Breaking from position and placing both of his feet on the floor, Jolyon clocked Wayne’s small transgression but decided to let it pass. ‘Now, time for trikonasana,’ he said. ‘The triangle pose. Spread your legs like they’re rooted in the earth, and stretch out your right calf muscle…’
Wayne did so, looking to others for some guidance.
‘Raise your left hand,’ said Jolyon, ‘as if you’re branching up to the sky…’
Now bent over, with one hand on his knee, and one in the air, Wayne could feel his hamstring tightening.
‘Through hatya yoga,’ Jolyon continued, ‘we can transcend our deepest troubles. Nothing can uproot us. If the spiritual connection is deep, it’s impossible to unearth it…’
As a form of exercise, Wayne was starting to see the logic in the strenuous nature of this position, but the psycho-spiritual babble accompanying it peeved him slightly.
Next up was bālāsana. ‘It’s time to regress to your child state,’ Zara told the group. ‘Become a seedling once again.’
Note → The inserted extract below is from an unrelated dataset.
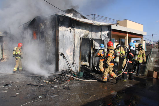 서귀포소방서에 따르면 이날 오전 10시55분경 서홍동 삼매봉 인근 조립식 건물에서 원인을 알 수 없는 화재가 발생해 10여분 만인 오전 11시10분께 진화됐다
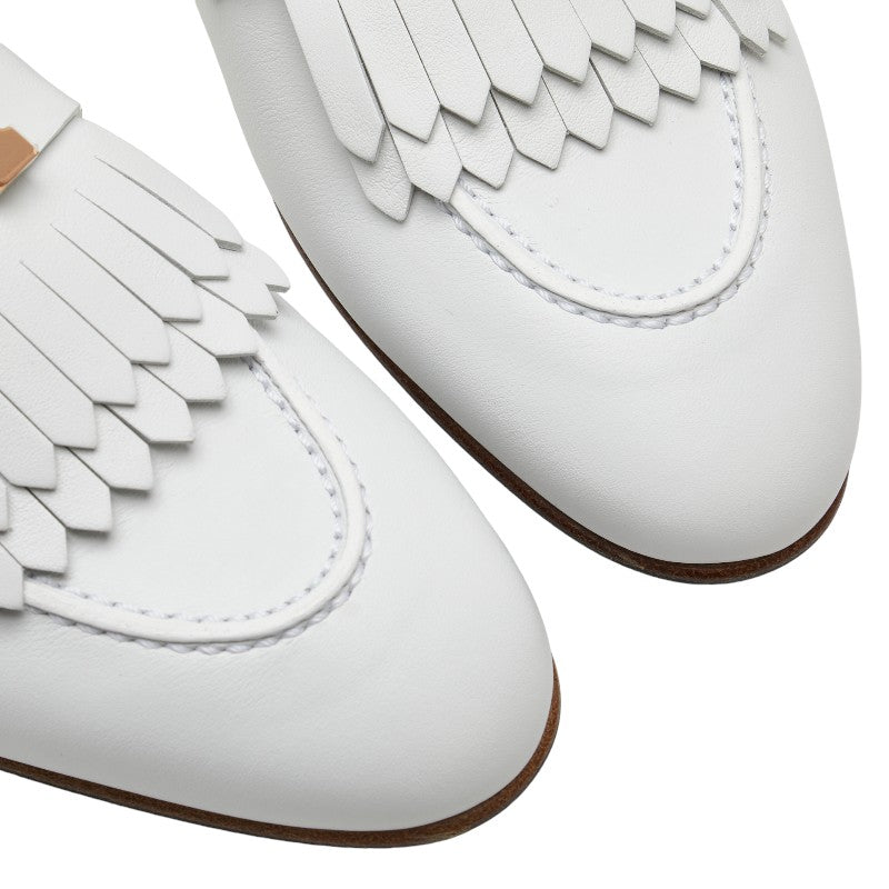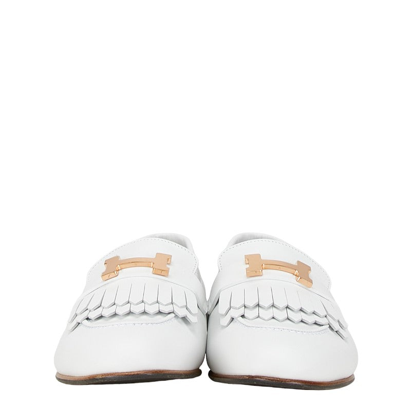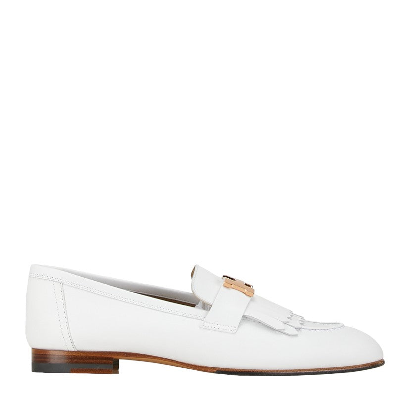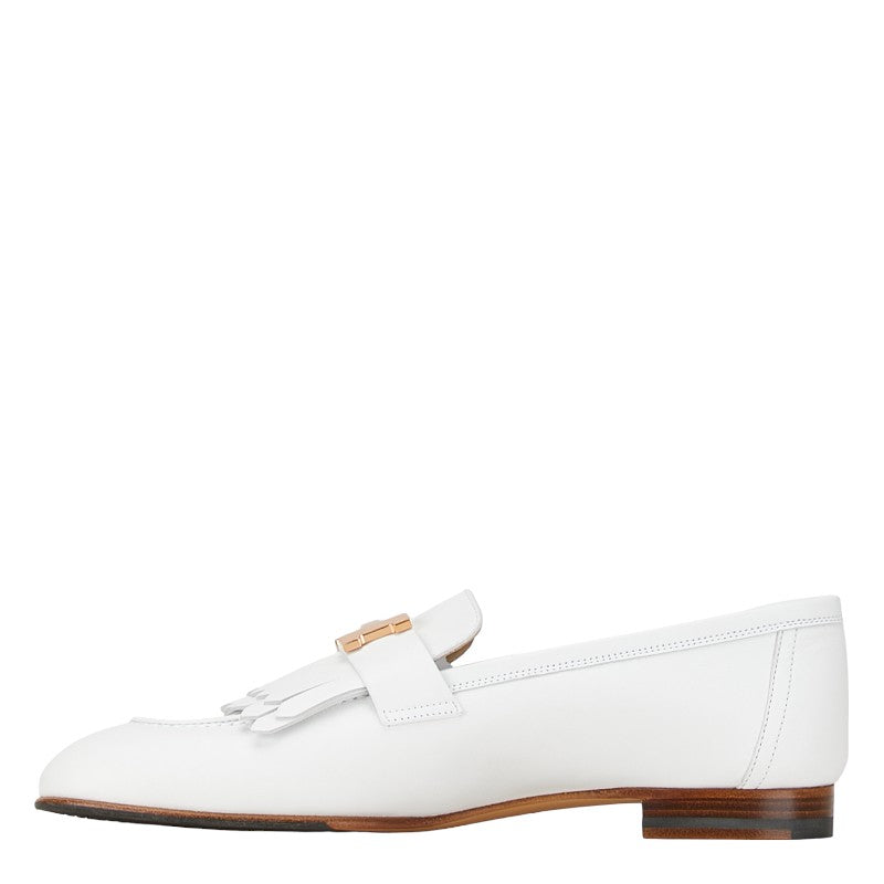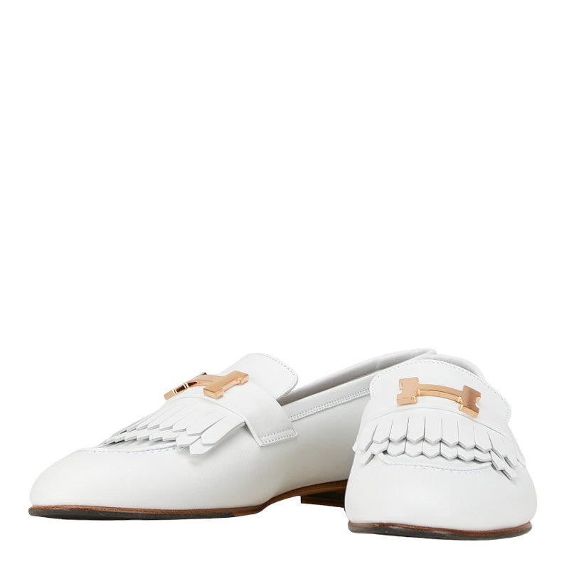 エルメス ロワイヤル H シューズ サイズ:38 1/2 ホワイト ゴールド レザー レディース HERMES 【中古】

Everybody in the yoga class, Wayne included, got down on the ground.
Touching the floor, his hands made contact with the sticky glucose of last weekend’s cola spillages—he could even see a half-eaten sausage roll from the kids party within eyeshot. He winced before lowering himself and assuming position.
Now laying on his knees, Wayne found himself facing forward in a prone position, almost curling himself up into a ball, with his arms laying flat by his side.
‘That’s it, Wayne, very good,’ said Jolyon. ‘Now relax those shoulders.’
Zara continued to speak. ‘Whereas once you were a mighty palmyra palm, stretching up to the clouds, you are now a seed. Be ready to be planted in the soil. Be free from all the worries of growth. Your time to sprout is not yet here.’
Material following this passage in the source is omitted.